Lest you think that I’m exaggerating, that this was merely another example of a reporters larding his account with excessive detail, consider this maudlin missive by Michael Daly of the New York Daily News, one of the biggest newspapers in the United States:

“Among the SEALs were a dog handler and a dog that would remind outsiders of Cujo [a rabies-infected beast in one of Stephen King’s horror novels], but held a special place in the hearts of the squadron,” wrote Daly. “SEALs have a soft spot for their dogs, perhaps partly because a canine’s keen senses can alert them to danger and give them a critical edge. A dog also allows resolutely reticent warriors to express a little affection; you can pet a pooch, if not another SEAL.”

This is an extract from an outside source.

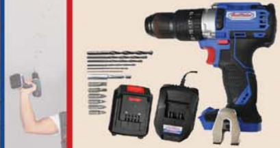
ROTOMARTILLO BEST VALUE INALAMBRICO #H27031 1/2 20V T0500315

Get a grip, Mike. Lots of people like dogs.

“Many of the SEALs have a dog stateside,” continueth Daly. “To take one on a mission may be like bringing along something of home.”

Or maybe they just come in handy for Abu Ghraib-style interrogations.

Daly tortures and twists his cheesy prose into the kind of savage propaganda that prolongs a war the U.S. can’t win, that is killing Afghans and Americans for no reason, that most Americans prefer not to think about. Soon a group of elite commandos—members of Team Six, the same outfit that assassinated Osama bin Laden—become helpless victims of the all-seeing, all-powerful Taliban of Death. In Daly’s bizarre world, it is the Afghan resistance forces and their 1980s-vintage weapons that have all the advantages.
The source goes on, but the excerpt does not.